# Story Behind the Old and Well Known Nursery Rhyme, Mary Had A Little Lamb



## SeaBreeze (May 1, 2017)

I thought this was interesting, I remember Mary Had a Little Lamb as a young child.  More here.    http://www.amusingplanet.com/2017/05/mary-and-her-little-lamb.html




> The childhood nursery rhyme "Mary Had a Little Lamb" is familiar to all, but did you know it’s based on a _real_ Mary and a _real_ lamb and a _real_ incident that took place at school?
> 
> The  real Mary, Mary Sawyer, was born in 1806 in the town of Sterling,  Massachusetts, the United States.

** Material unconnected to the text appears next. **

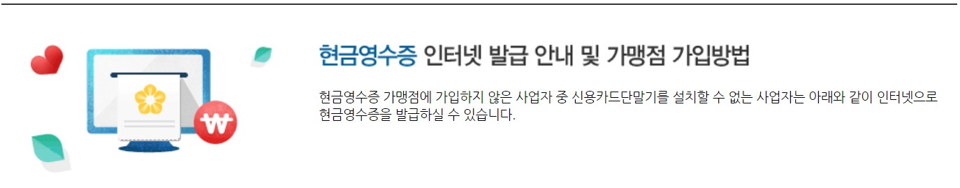간이과세자가 현금영수증 가맹점에 가입하지 않고 신용카드단말기를 설치할 수 없는 사업자일 경우에는 인터넷 홈택스를 통해서 현금영수증을 발급할 수 있습니다.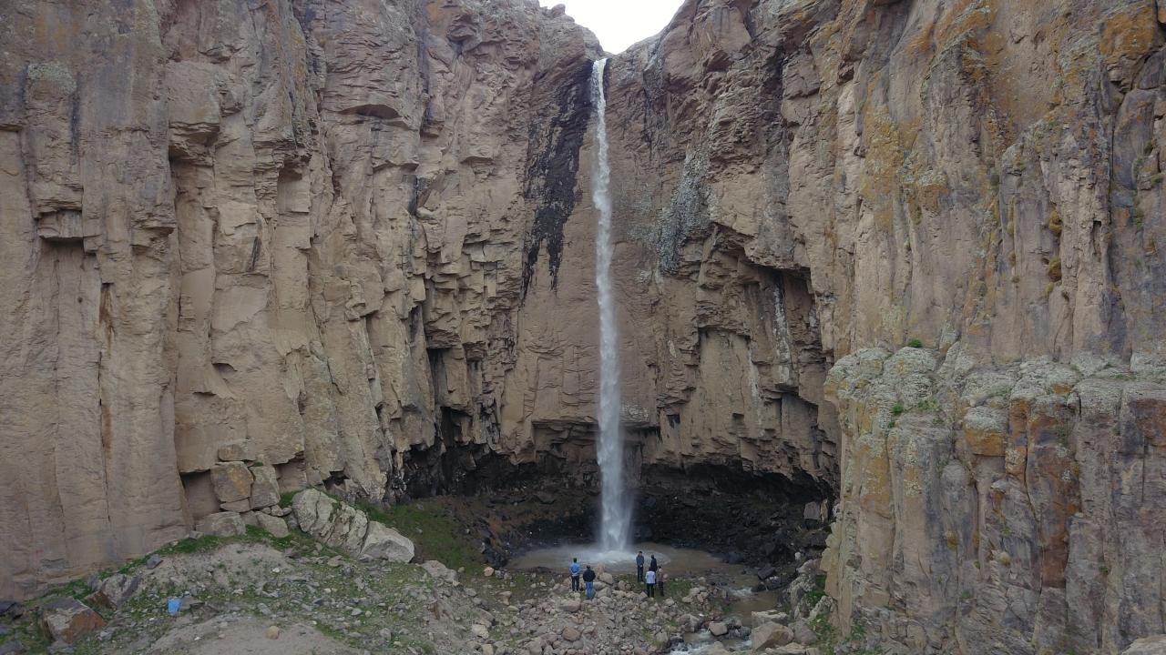 İlçeye 20 kilometre mesafedeki Muradiye Kanyonu'nda bulunan ve yılda sadece bir ay akan şelale, havaların ısındığı bu günlerde ziyaretçilerini cezbediyor.

One day, when Mary was about ten, she  discovered two recently born lambs on their family farm.
> 
> ...


----------



## jujube (May 1, 2017)

Love it!  I never knew there was a story behind that nursery rhyme.  You guys educate me every day!


----------



## Shalimar (May 2, 2017)

Fun!


----------



## Aunt Bea (May 2, 2017)

Great bit of history, thanks!!!


----------



## Moofies (May 2, 2017)

Wow, I'm from Massachusetts and never heard that story.  How very interesting.  I shall pass it on to my family.  Thanks you for posting this


----------



## Meanderer (May 4, 2017)

Here are two pictures of Mary Sawyer, later in her life.


----------



## Callie (May 4, 2017)

Thank you.. what an adorable story!


----------



## Meanderer (May 5, 2017)

Even Paul Harvey would agree that "the rest of the story" is a sad tale indeed!


"Mary's lamb grew up to be a fine ewe who mothered three lambs herself.  She lived to be 4 years old when she met an unfortunate end in an encounter with a cow".

(2007)  "Mary’s Lamb house reduced to rubble.  Arson suspected".


----------



## SeaBreeze (May 6, 2017)

Thanks for the update Meanderer, none of that was mentioned on the source site.


----------



## hauntedtexan (May 6, 2017)

All I remember is the joke that came from that nursary rhyme: Mary had a little lamb, that's what she gets for sleeping in a barn....


----------